Is there anyway to calculate how much calories a person burns in a day while not working out? 
Im trying to perfect my diet but i have no idea how much calories im actually burining outside the gym. Last time i checked i was 6ft 198@15% BF is it safe to assume i burn over 2500 calories a day as a student? 
I want to loose about 500 calories a day to preserve as much LBM i can while i get down to 8% BF so its important for me to know how much calories i can take in and still have a 500cal deficit.


----------



## donescobar2000 (Dec 19, 2003)

Check out the Polar Watches.


----------



## BabsieGirl (Dec 19, 2003)

There is a mathmatical way....Give me a couple secs.


----------



## BabsieGirl (Dec 19, 2003)

Okay.  For women:  Add a zero to your weight and then add your weight. Using the formula, your expected resting calories needs would be 2,100 a day.

The number of calories you burn each day varies depending on body weight, body composition, metabolism and activity level.


----------



## BabsieGirl (Dec 19, 2003)

For men: Add a zero to your weight and then add twice your weight. For women: Add a zero to your weight and then add your weight. Using the formula, your expected resting calories needs would be 2,100 a day.


----------



## BabsieGirl (Dec 19, 2003)

for women who have desk jobs and work out.

you probably burn one-half again your resting needs. 

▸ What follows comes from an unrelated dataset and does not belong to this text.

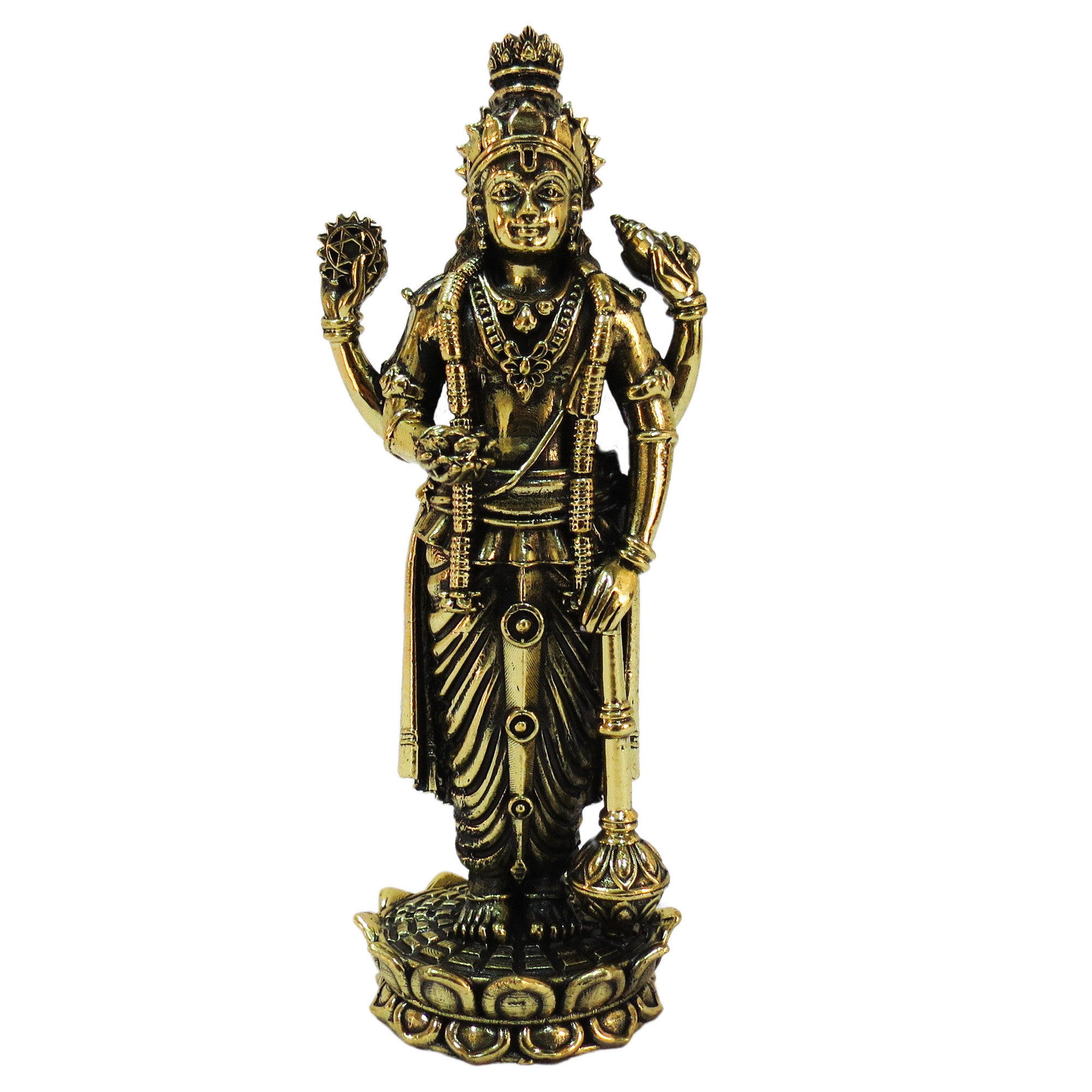 Handcrafted brass Lord Vishnu idol with fine detailing

You'll be interested to know that, according to the National Research Council, the average woman (5'4", medium frame, not too thin, not too fat) who does not exercise needs 1,600-2,400 calories a day to maintain body weight. The average man requires 2,300-3000 calories a day to do the same.


----------



## BabsieGirl (Dec 19, 2003)

If a stable eating pattern doesn't do the trick for you, the next step is to cut your calories slightly and increase your activity level slightly. Start by subtracting 250 calories from your normal eating pattern -- eating one less egg and dropping two slices of bread would do it -- and adding 250 calories worth of activity -- two and one-half miles of jogging or walking. These two easily tolerated changes will result in a fat loss of about one pound each week. In the long run, I believe you'll discover that eating regular, planned meals will give you more control over your body fat than counting calories


----------



## BabsieGirl (Dec 19, 2003)

This is all I have time for....if this doesn't answer your question...I'm sorry.


----------



## atherjen (Dec 19, 2003)

great info Babs!


----------



## hardasnails1973 (Dec 19, 2003)

www.fitday.com plug ad jug ...


----------



## IronSlingah (Dec 20, 2003)

Yeah thanks Babs u went the extra mile that formula was really usefull.


----------



## BabsieGirl (Dec 22, 2003)

Thanks you guys!

Merry Christmas


----------